Бабушка не нашла в поцелуе ничего угрожающего моей жизни. Она понимала меня с полуслова. А часто и полслова не нужно было произносить. Только взглянет – и сразу готов диагноз: «Ты больна?», «Ты получила тройку?». Во всех случаях она предлагала одно и то же, но безотказно действующее средство: «Ничего страшного!»
Действительно, после того что случилось со мной в изначальный миг моей жизни, ничто уже не могло выглядеть страшным.
Бабушка любила вспоминать, как ее первый возлюбленный объявился через сорок три года.
– В позднем браке есть свои преимущества: не хватит сил и времени на развод!
Мама отговаривала ее от «неверного шага».
– Это противоестественно! – восклицала она. – Природой для всего установлены свои сроки.
Насчет природы мама была в курсе дела: она занималась охраной окружающей нас среды.
– Но и от окружающей среды приходится охранять! – уверяла она бабушку. – Что ж получается? Всю жизнь имел жену, а теперь ищет няньку!

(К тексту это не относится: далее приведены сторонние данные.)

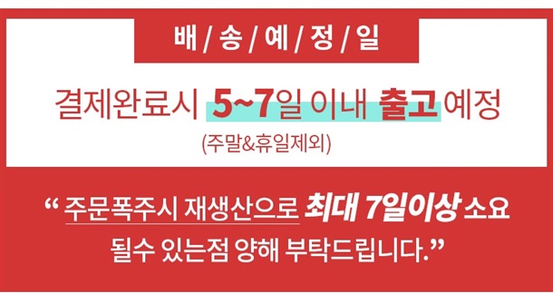 · 배송은 입금확인된 날짜로부터 1~3일 소요되며 최대 7일 이내 출고됩니다. ( 공휴일, 기상악화 등 불가피한 상황에 따라 추가 지연될 수 있습니다.)
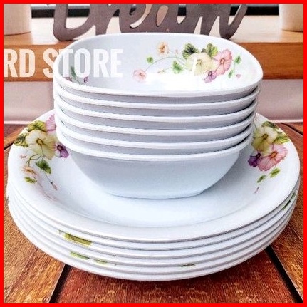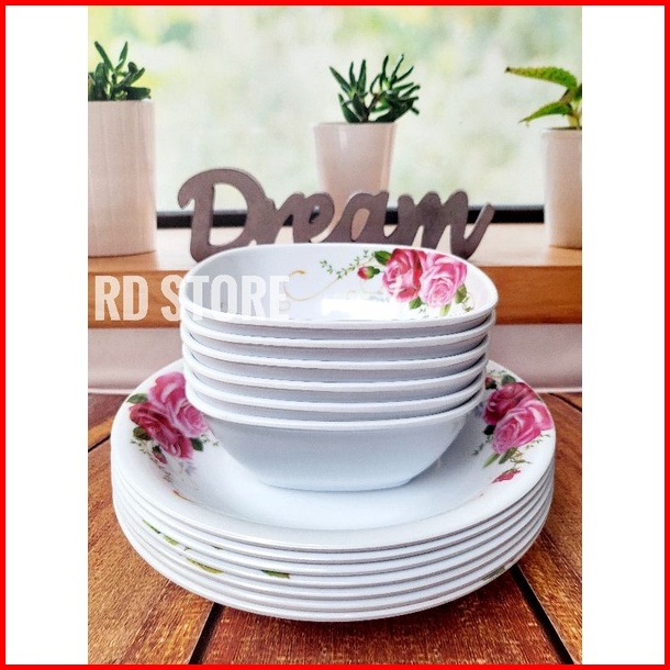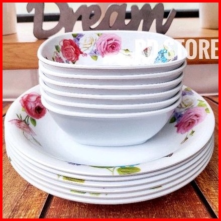 Promo 12.pcs Set 6.piring 6.mangkok Melamine Motif Rose
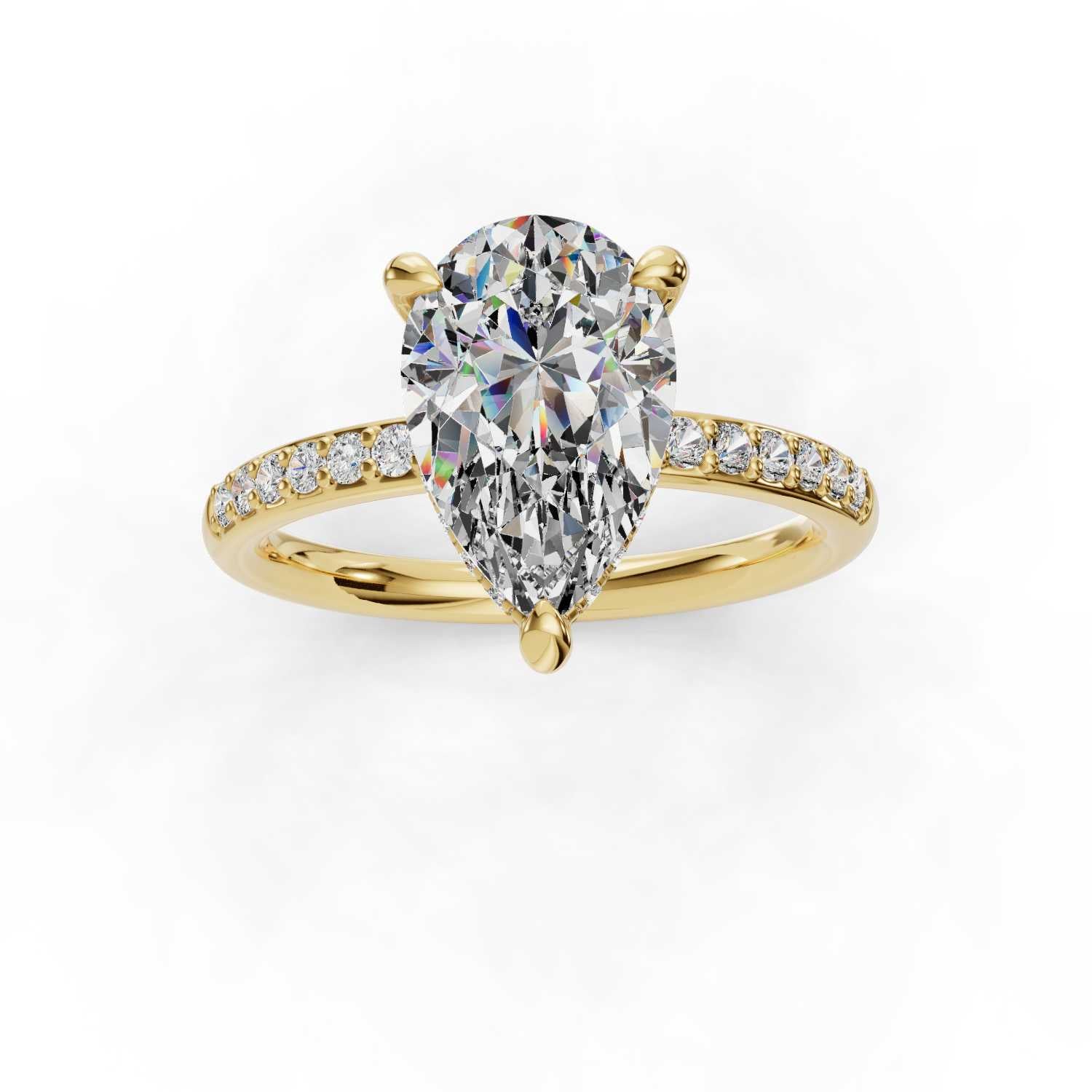 Halo surrounds the shimmering pear diamond in the center with your choice of carat weight, metal type and diamond quality.

Это маму не устраивало: нянька нужна была ей самой. Хотя тут я, наверное, не вполне справедлива: прежде всего нянька нужна была мне.
И бабушка не пошла под венец.
– Правильно сделала! – сказала я, впервые услышав от нее эту историю. – В семнадцать поцеловал и закрепил до шестидесяти? Где он был раньше?
– Там же, где я: в своей семье. Нас разлучили обстоятельства. И они же опять свели: мой муж погиб, а он остался вдовцом. Встретившись, мы оба помолодели.
– Почему же тогда…
– А ты? – перебила меня бабушка.
И больше я не задавала дурацких вопросов.
Бабушка была папиной мамой.
А мамина мама руководила моим воспитанием с другого конца города по телефону: она объясняла, что мне рекомендуется есть, сколько часов гулять, а сколько посвящать сну. Она изучила все случаи родовых травм и делала по телефону выводы, сравнения, указывала, как именно меня надо спасать.
В пору моего раннего детства врачи предупреждали родителей, что соображать я кое-что буду, но расти мне придется отсталым ребенком. Я помнила эти прогнозы: значит, и в то давнее время немного соображала. Но только чуть-чуть… И двигалась плохо, и говорила с трудом.
Бабушка, отказавшись от супружеского счастья, взялась за меня.
– Мама, поверьте, мне не нужно ничего лишнего! Я по закону хочу, – продолжал заклинать в зале судебного заседания длинный, худой сын. – Поэтому я и пришел в суд. В наш, советский! Который по справедливости…
Что ответила ему мать, я не услышала. И отошла от двери, возле которой, закупорив собой щель, по-прежнему дымила воспаленная дебелая женщина.
«По закону, по справедливости!» Да, это были знакомые мне слова.
Говорят, что у каждого человека в жизни должна быть цель. Но даже самых заветных целей бывает много. Или в редком случае несколько. У бабушки же со дня моего рождения цель действительно была только одна: поставить меня на ноги. Сначала в прямом, а потом в переносном смысле.
По профессии бабушка была медсестрой. Муж ее, то есть мой дедушка, погиб на войне, когда еще его самого, девятнадцатилетнего, в доме считали внуком.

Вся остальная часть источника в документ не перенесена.